Hi! I'm new to this forum and looking for helpful information regarding the ownership of mini donkeys. I grew up on a ranch in South Dakota. I have owned horses and other livestock all my life. We currently have 4 quarter horse geldings. My 11-yr-old son has decided he'd like a mini donkey. I have a friend who breeds a few for his exotic animal sale every year. I have a few concerns, though.

We will be buying a weanling and I am worried that when we bring all the equines together for the winter closer to the house, that the little donkey may get kicked or injured by the big guys.

I am also wondering how hardy they are. I've read literature that says donkeys can be susceptible to illness when they get wet and/or chilled. We do not have a fully enclosed barn, just a 3-sided shed.

Are they a lot more difficult to train compared to horses?

Are they prone to laminitis? I'd really prefer to buy mini horse, but my son is set on a donkey. I don't want to disappoint him, but I know who'll be stuck dealing with the situation if something should happen such as illness or injury.

Thanks for your help.


----------



## Helicopter (Jun 25, 2012)

Okay, I don't know much but I'll give some advice for what it's worth.

If you decide to get a Jack have him gelded ASAP. ASAP.

Yes, they are as prone to Laminitis as any horse.
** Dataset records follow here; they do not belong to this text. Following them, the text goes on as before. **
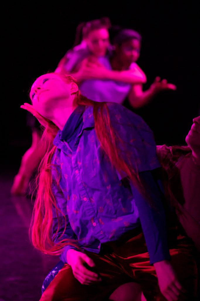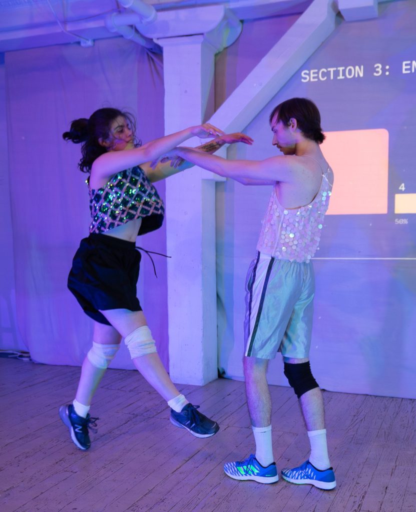 The performers are also given agency in the creation and performance of the work. through open artistic communication between myself and the dancers, prompt-based phrase generation, and the ability to make spontaneous decisions mid-performance, the dancers are empowered to influence the finished product and interact with the audience.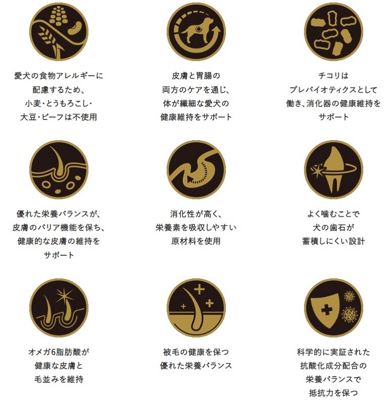 皮膚と消化の健康維持のため、愛犬の食物アレルギーに配慮した科学的に実証された設計。 繊細な皮膚と胃腸に考慮して、サーモンとあじを主原料に、小麦、とうもろこし、大豆、ビーフは不使用。 皮膚と胃腸の両方をケアすることで、体が繊細な愛犬の健康維持をサポート。 合成着色料・香料 無添加。 ※製造上、形状や大きさにバラつきが生じることがあります。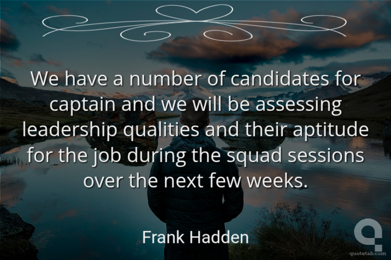 We have a number of candidates for captain and we will be assessing leadership qualities and their aptitude for the job during the squad sessions over the next few weeks. Frank Hadden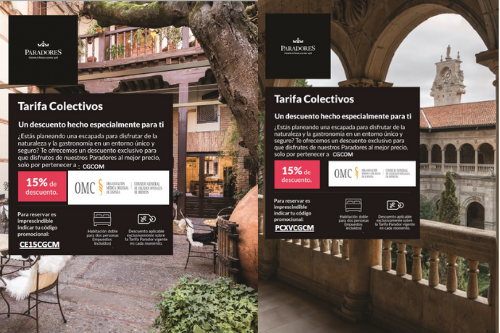 Para realizar la reserva el beneficiario debe indicar el código promocional correspondiente: Año 2021: CE15CGCM y Año 2022: PCXVCGCM, e identificarse como colegiado o empleado del CGCOM o de alguno de los Colegios Oficiales (a su llegada al establecimiento deberá presentar un documento oficial que lo acredite como beneficiario).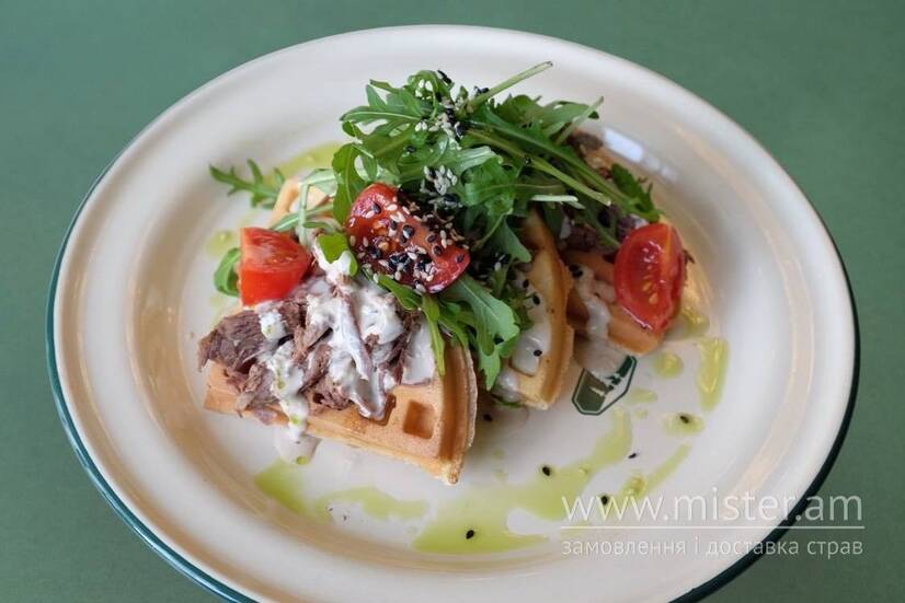 Вафлі з рваною телятиною, соусом вітелло тонато, томатами чері та руколою.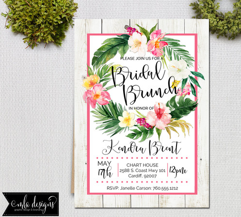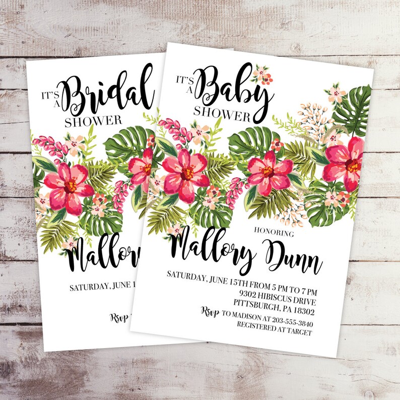 Tropical Invitation Bridal Shower Baby Shower Summer Hawaiian Luau Printed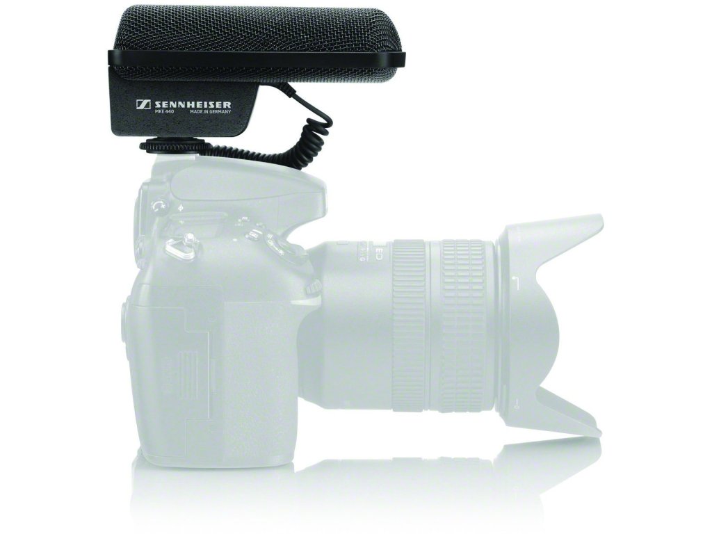 Mikrofon stereofoniczny/binauralny MKE 440 jest odpowiedni do aparatów cyfrowych (D-SLR) i kamer cyfrowych. Dźwięk nagrywany jest za pomocą dwóch kierunkowych kapsuł mikrofonowych umieszczonych w kształcie litery V (V-stereo). W przeciwieństwie do innych kamerowych mikrofonów stereo, rejestruje dźwięk nagrywanego obrazu bez zakłócających dźwięków bocznych i tylnych.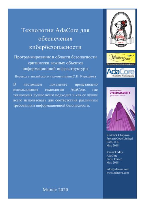2020-05-11 Доступен перевод издания AdaCore Technologies for Cyber Security Version 1.0 May 2018 Технологии AdaCore для обеспечения кибербезопасности Минск 2020 Перевод и редактирование выполнил Киркоров Сергей Иванович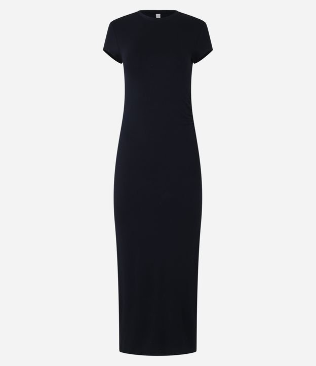 Vestido feminino de modelo long midi, com gola redonda, mangas curtas e fenda e franzido lateral. Peça confeccionada em moletinho.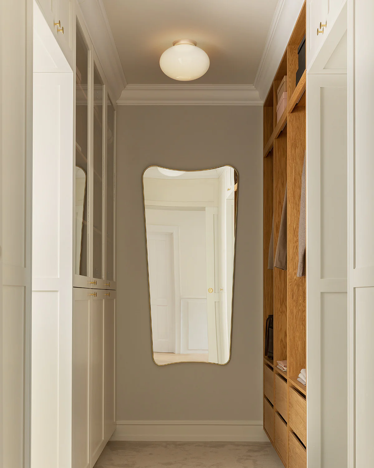 De Rizzatto 301 is een elegante plafondlamp met een organische vormgeving en een verfijnde uitstraling. Als onderdeel van de Rizzatto collectie sluit het ontwerp naadloos aan bij de andere modellen en voegt het een klassiek, decoratief element toe aan de ruimte. De elliptische kap zorgt voor een comfortabel, niet-verblindend licht dat bijzonder geschikt is voor kleinere kamers of een walk-in wardrobe. Dankzij het compacte formaat neemt de lamp weinig ruimte in, terwijl ze toch voldoende verlichting biedt en een stijlvolle sfeer creëert.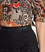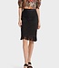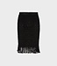 Fitted skirt made from semi-sheer crochet lace - lined. The style has an all-over rhomboid design and a border at hip height. The hem is adorned with fringes in bouclé yarn. The waist is finished with an elasticated waistband. The skirt can be closed with a zip in the middle of the back.

They are very smart and quite determined. You need infinite patience and knowledge to train them.

Don't think I'd want a mini donkey sharing with a herd of big guys. Guess it depends on the relationship but the sheer difference in size woud be a worry and accidents do happen. But I certainly wouldn't want him on his own either. Why not get 2.

There is a Lucky Three Ranch site which is all about Donkeys and Mules. Worth a look.

Donkeys originated in hot, dry climates. They don't like being wet. There is nothing as miserable looking as a donkey standing in the rain. That said mine have never been sick in the 8 years I have had them. But of course this is Australia and winter temperatures are comparatively mild.

My donkeys are English/Irish. I'd love to have a mini but they are too expensive over here.

Welcome to the donkey world. They are very special creatures.


----------